How do you solve #log_6 2x + log_6 (x + 3) = 2# and find any extraneous solutions?

2 Answers
Aug 1, 2016

#x = 3. x = - 6# is an inadmissible (extraneous ) solution.

Explanation:

Use #log_6 6^2=2 log_6 6=2#

Here, #log_6 2x +log_6(x+3)=log_6( (2x(x+3))=log_6 36#,

So, 2x(x+3)=36. solving,

#x=3, -6#.

Negative x is inadmissible for #log_6 2x#.

Aug 1, 2016

The Soln. is #x=3#, while, #x=-6# is extraneous.

Explanation:

We use the following Rules of Logarithm Function :-

#(1)# : Defn. # : log_b y=m iff b^m=y, where, b>0, b!=1, y in RR^+#.

#(2) : log_b a+log_b c=log_b ac#.

Given that,

#log_6 2x+log_6 (x+3)=2#

#rArr log_6 {2x(x+3)}=2#

#rArr 2x(x+3)=6^2=36#

#rArr x(x+3)=18=3(3+3)#

By Inspection , #x=3# is a root.

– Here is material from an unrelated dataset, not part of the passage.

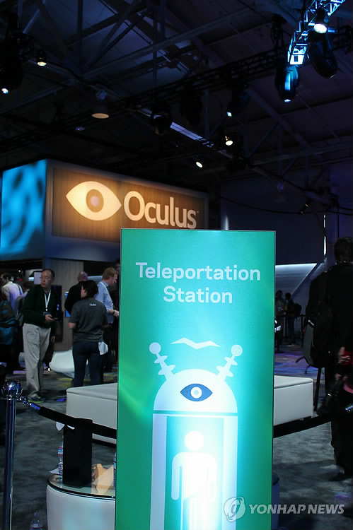 연합뉴스 특파원이 텔레포테이션 스테이션에 들어가 오큘러스와 삼성전자가 공동 개발한 '기어 VR'을 머리에 쓰자, 눈앞에 펼쳐지는 광경은 인공조명이 비치는 실내 전시장이 아니라 캘리포니아의 눈 부신 햇살이 가득한 야외 카페로 변했다.

Since, it is a quadr. poly. , it
must have one more root. To find it, we observe that the product
of the roots
is #-18#. Hence, the other root must be #-18/3=-6#

But, #x=-6# makes the L.H.S. undefined , and, hence, it is an Extraneous Soln.

#x=3# clearly satisfies the given eqn.

Thus, the soln. is #x=3#, while, #x=-6# is extraneous.